Dossier 2: Deepfakes

Looking back at The Hmm ON deepfakes: Should we be worried about this technology?

On 17 June 2020 we organised The Hmm ON deepfakes, an event on our self-built livestream platform to talk further about deepfakes. With the event we wanted to find out whether deepfakes are the newest weapon for spreading fake news, or just harmless fun. We’ve invited three speakers to elaborate on this from three different perspectives.

Giorgio Patrini at The Hmm ON deepfakes

Our first speaker was Giorgio Patrini, co-founder and CEO of Deeptrace, an organisation that is researching and mapping the deepfake landscape. Besides that, they’re working on a detection solution that guarantees the integrity of visual media. Giorgio learned us that:

  • The number of deepfakes is growing explosively. In the first half of 2020, 52,000 new deepfakes were uploaded to the internet.
  • Most deep fakes that are made are pornographic deep fakes.
  • The human eye is very bad at recognising deepfakes. Our answer is only 8% better than a random guess.
  • Using deepfake technologies is accessible to everyone through open source software that is freely available online.
  • If you are not tech-savvy enough to create one yourself, there are several blogs where you can ‘order’ a custom made deepfake video.
  • Deepfakes are used for misinformation and social media fraud, but Giorgio is most concerned about deepfakes that attack (the reputation of) individuals or brands. He sees this happening more and more.

According to Giorgio we should stop the spread of deepfakes as soon as possible. The detection tool Deeptrace is working on is based on data driven deep learning technology. But the organisation also keeps an eye on bad deepfake actors and try to find out what their incentives are.

Jaron Harambam at The Hmm ON deepfakes

Sociologist and researcher on conspiracy theories Jaron Harambam thinks we shouldn’t be so worried about deepfakes. With his presentation he unpacked the moral panic surrounding the technology by looking back through history. Jaron showed us that:

  • Every new technology is first seen as a threat.
  • When television just came out, there was the same fear that it would affect our concept of truth. Some people were convinced that even the name, tell-a-vision, shows that the medium would be used for manipulation.
  • It is important to put the videos in context. A deepfaked Obama saying “Trump is a total and complete dipshit” is clearly fake because we got to know Obama from several media appearances and we know he would never say something like this.

Jaron thinks that our relation to truth, fake and moving images are changing. Just like Photoshop did for still images, deepfake technologies prevent us from always trusting moving images.
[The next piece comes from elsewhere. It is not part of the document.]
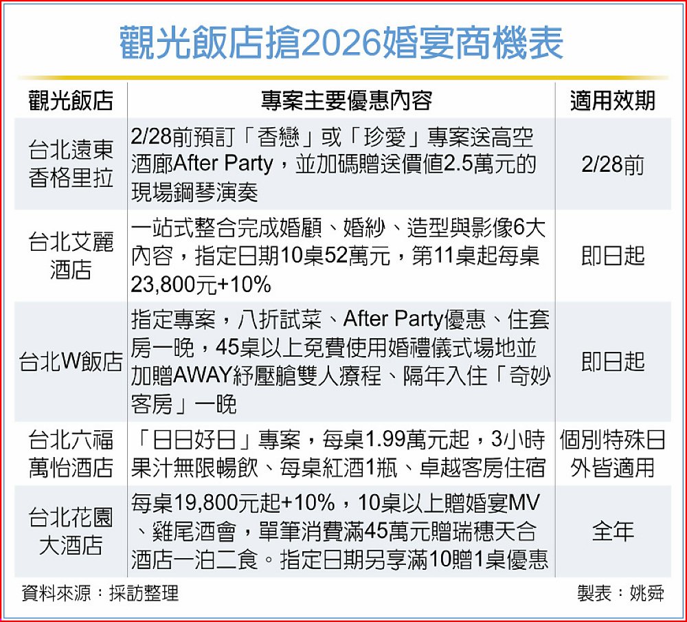 少子化、不婚人口增加衝擊婚宴市場,加上新飯店持續增加分食商機,包括台北遠東香格里拉、艾麗酒店、W飯店等飯店業者,新年開始便啟動「搶婚大戰」,推多元婚宴方案、主題婚宴、增加婚宴標配等方案外,更提供試菜打折、保證桌數更具彈性、下修離峰時間起桌價、消費滿額加贈住房與After Party婚後派對等眾多優惠,向新人招手。

Lenka Hamosova leading an ethical thinking workshop at The Hmm ON deepfakes

At last, independent research designer and visual speculator Lenka Hamosova introduced us to the magic of deepfakes. According to Lenka, what we understand under the term of deepfakes is just the tip of the iceberg. She prefers to call the technology ‘synthetic media’, since the generated AI media can do much more than just face swaps. Via her Synthetic media brainstorming cards she showed the endless possibilities of creating synthetic realities and challenged us to come up with scenarios ourselves. With the StyleGAN technology you can create fake persons, fake cats or fake living rooms. GauGAN generates photorealistic scenarios based on just a simple drawing. What if you combine those two techniques?

Lenka thinks that:

  • Deepfakes will cause a death to stock photos.
  • Synthetic media will soon be integrated into our daily lives. Online fashion stores can adjust the gender, body shape and skin tone of the models that present their clothing via AI, so they no longer have to hire a photographer. And if you look up a cake recipe on your phone, it’s not such a crazy idea that an ad pops up in which your mom recommends the right brand of butter to use.
  • Instead of being scared, we should embrace the creative potential of deepfakes.

As a deepfake (or synthetic media) creator herself, she has experienced that knowing more devolves the fear of the technology. It is important to understand how AI models work and to think about what kind of future we want. That’s why she invited us for an interactive thinking session on the ethical side of some scenarios she described. Is it a good or a bad development? Will it impact us on a large scale or a small skill? It’s important to look at these things and discuss it together.

Most of our visitors were not concerned that deepfakes would affect the 2020 US elections, but were convinced that we need a tool to detect deepfakes. We may not have to worry that the technology is threatening our democracy, but we should not underestimate the danger. Personal blackmailing can also be very damaging, as we also show in our article If deepfakes are a threat, this is it. It’s important to be aware of the most influential AI models that are used for generating synthetic media. And todiscuss AI ethics together. This is what we did during The Hmm ON deepfakes.